Typed upon the paper was a brief description of the previous two years for Gordon and Belinda. It had not been a good two years, according the typed sheet. Six months after they were married Belinda had been bitten in the cheek by a Pekingese, so badly that the cheek needed to be stitched back together. It had left a nasty scar. Worse than that, nerves had been damaged, and she had begun to drink, perhaps to numb the pain. She suspected that Gordon was revolted by her face, while the new baby, it said, was a desperate attempt to glue the couple together.
“Why would they say this?” she asked.
“They?”
“Whoever wrote this horrid thing.” She ran a finger across her cheek: it was unblemished and unmarked. She was a very beautiful young woman, although she looked tired and fragile now.

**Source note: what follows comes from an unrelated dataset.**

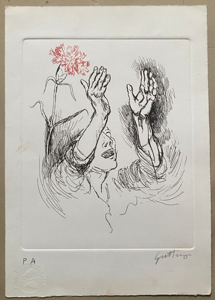 Questo lavoro, firmato in basso a sinistra, misura cm. 17,5×16,5 ed è incollato ai margini superiori su un cartoncino spesso.
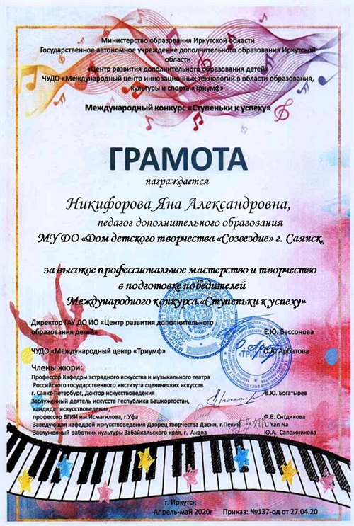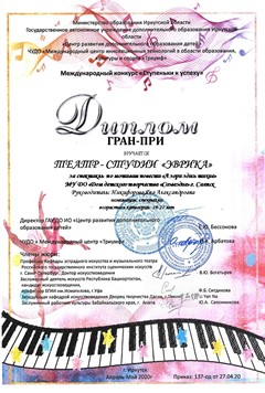 В международном конкурсе «Ступеньки к успеху», организованном международным центром инновационных технологий в области образования, культуры и спорта «Триумф» и региональным министерством образования, «Эврика» участвует уже несколько лет. Традиционно конкурс собирает до 600 участников, спектакли саянских театралов всегда занимают призовые места. Ранее артисты выезжали на конкурсные показы, в этом году конкурсный отбор был организован дистанционно. В составе жюри – педагоги кафедры эстрадного искусства и музыкального театра Российского государственного института сценических искусств Санкт-Петербурга, деятели искусств России и Китая. Столь представительное жюри дало постановке «А зори здесь тихие» наивысшую оценку – гран-при конкурса.

“How do you know it’s a they?”
“I don’t know,” she said, transferring the baby to her left breast. “It seems a sort of they-ish thing to do. To write that and to swap it for the old one and to wait until one of us read it. Come on, little Melanie, there you go, that’s such a fine girl. ”
“Shall I throw it away?”
“Yes. No. I don’t know. I think. ” She stroked the baby’s forehead. “Hold onto it,” she said. “We might need it for evidence. I wonder if it was something Al organised.” Al was Gordon’s youngest brother.
Gordon put the paper back into the envelope, and he put the envelope back into the box file, which was pushed under the bed and, more or less, forgotten.
Neither of them got much sleep for the next few months, what with the nightly feeds and the continual crying, for Melanie was a colicky baby. The box-file stayed under the bed. And then Gordon was offered a job in Preston, several hundred miles north, and since Belinda was on leave from her job, and had no immediate plans to go back to work, she found the idea rather attractive. So they moved.